If I understand correctly.

1 /
A gene is either a protein structure or a RNA structure that that does
something in the cell. A gene is defined by its function and not
strictly it's structure/chemical composition. This means that several
independent protein structures or RNA sequence based structures
performing very similar function may each be termed as the same gene.
For example if gene "A" is observed to have some well defined
phenotype characteristics, then all protein structures and or RNA
sequence based structures having these characteristics can each be
termed as instances of gene "A".

2 /
For humans several transcripts may yield a independent instances of a
particular gene individually.

If the above understanding is correct, is it possible to have a
protein structure and a RNA based structure each having the same
phenotype characteristics and therefore yielding a instances of the
same gene. I am asking this because a manual query using gene
"ENSG00000133997" did match some transcripts based on exons (and
produce a protein product) and some transcripts based on introns (not
producing any protein product).


On 6/5/12, LAW Andy <andy.law at roslin.ed.ac.uk> wrote:
> Allan,
> This all depends on what you mean by "gene".

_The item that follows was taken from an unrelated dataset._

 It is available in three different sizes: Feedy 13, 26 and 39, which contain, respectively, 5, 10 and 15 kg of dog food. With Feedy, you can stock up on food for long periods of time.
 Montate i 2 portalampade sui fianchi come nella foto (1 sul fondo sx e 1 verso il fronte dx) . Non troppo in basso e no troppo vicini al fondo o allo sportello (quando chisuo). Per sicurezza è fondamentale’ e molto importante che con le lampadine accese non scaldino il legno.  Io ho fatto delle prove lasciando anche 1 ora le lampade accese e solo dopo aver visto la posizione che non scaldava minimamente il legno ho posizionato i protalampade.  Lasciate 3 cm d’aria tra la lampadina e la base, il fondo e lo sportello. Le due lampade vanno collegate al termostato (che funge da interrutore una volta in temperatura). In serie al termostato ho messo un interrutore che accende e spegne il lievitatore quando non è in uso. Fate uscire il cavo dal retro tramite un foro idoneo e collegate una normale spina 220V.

> I think the common understanding is that a "gene" is a piece of the genome
> that does "stuff". There are (protein) coding genes and there are non-coding
> (RNA) genes. They are bits of the genome that get transcribed into RNA (into
> transcripts).
> There may be (and often are) more than one transcript from a given "gene".
> These different transcripts arise from either variations in splicing
> (transcript A may have exons 1, 2 and 3 whereas transcript B may have exons
> 1, 3 and 4), from differential use of multiple transcription start sites
> (often one start site is active in one set of cell types/tissues and a
> different start site is active in a separate set of tissues) or from
> different transcription end sites.
> A transcript is thus something that is transcribed from the "gene". One gene
> may have many transcripts. A given transcript only comes from one gene (this
> is a one-to-many (gene-to-transcript) relationship).

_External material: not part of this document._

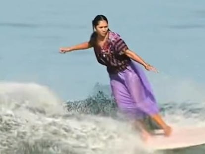 For 34-year-old Sonia Ziani, it is also a kind of therapy. She has participated in several documentaries about women and surfing and has starred in another with Portuguese big wave enthusiast Nic von Rupp, with whom she traveled in a van to the most special places for this sport in the province of Gipuzkoa. But, beyond that, she says, surfing has changed her life. “I have thought so many times about what it would be like if I hadn’t gone into the Pukas shop that day. Today, I would probably be a married woman, with children, at the service of my husband.” Born in Orio to Moroccan parents who emigrated first to Germany and then to the Basque Country, she is talking about the day when, aged 18, she went to buy a sweatshirt — “the typical one that says ‘Surfing the Basque Country’” — and met Adur Letamendia, son of the co-founders of the pioneering surfboard factory that eventually became the brand most associated with the arrival and development of surfing in the area; for years, they organized a top-level international competition in Zarautz. The fact is that, between chat and coincidences, a job offer was forged to be a shop assistant at their surf school during the summer.

> In general, in Eukaryotes, a coding transcript will give rise to a single
> protein product. I believe that there are examples where this is not
> strictly true in that one transcript may have alternate translation start
> sites, but I'm not confident enough of this to be able to give you an
> example. In Prokaryotes, multiple protein products can be derived from a
> single transcript.
> Hope that helps some.
> On 5 Jun 2012, at 10:10am, Allan Kamau wrote:
>> I am still struggling to understand the transcript data in relation to
>> a Gene, to simplify my preceding question, I would to ask.

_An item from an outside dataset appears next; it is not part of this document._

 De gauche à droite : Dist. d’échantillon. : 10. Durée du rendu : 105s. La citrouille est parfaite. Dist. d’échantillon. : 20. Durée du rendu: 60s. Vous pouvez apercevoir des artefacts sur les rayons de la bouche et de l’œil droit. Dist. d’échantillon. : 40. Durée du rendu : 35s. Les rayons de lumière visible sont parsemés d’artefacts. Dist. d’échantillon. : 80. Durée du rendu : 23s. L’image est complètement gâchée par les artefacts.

>> 1)Is a transcript strictly a pre-step to a variant of gene.
>> 2)Is there a one to one relationship between a transcript and the
>> gene. A single transcript gets processed (in case of protein genes)
>> into a single gene and for RNA based genes the transcript may undergo
>> minimal processing to yield a single RNA based gene.
>> Allan.
>> On 6/4/12, Allan Kamau <kamauallan at gmail.com> wrote:
>>> I am a non-biologist and I would like to get better understanding of a
>>> transcript in relation to a gene.
>>> According to a search on Ensembl, the gene "ENSG00000133997" reports
>>> that it has 11 transcripts and a listing of transcript_ids of these
>>> transcripts is provided. Some of the entries in this transcript
>>> listing have protein product ids and advises that "A protein coding
>>> transcript is a spliced mRNA that leads to a protein product" and the
>>> other entries are described as "No protein product" and have the text
>>> "Retained intronNoncoding transcript containing intronic sequence"
>>> along side them.
>>> My initial understanding was as follows (which I now think is wrong).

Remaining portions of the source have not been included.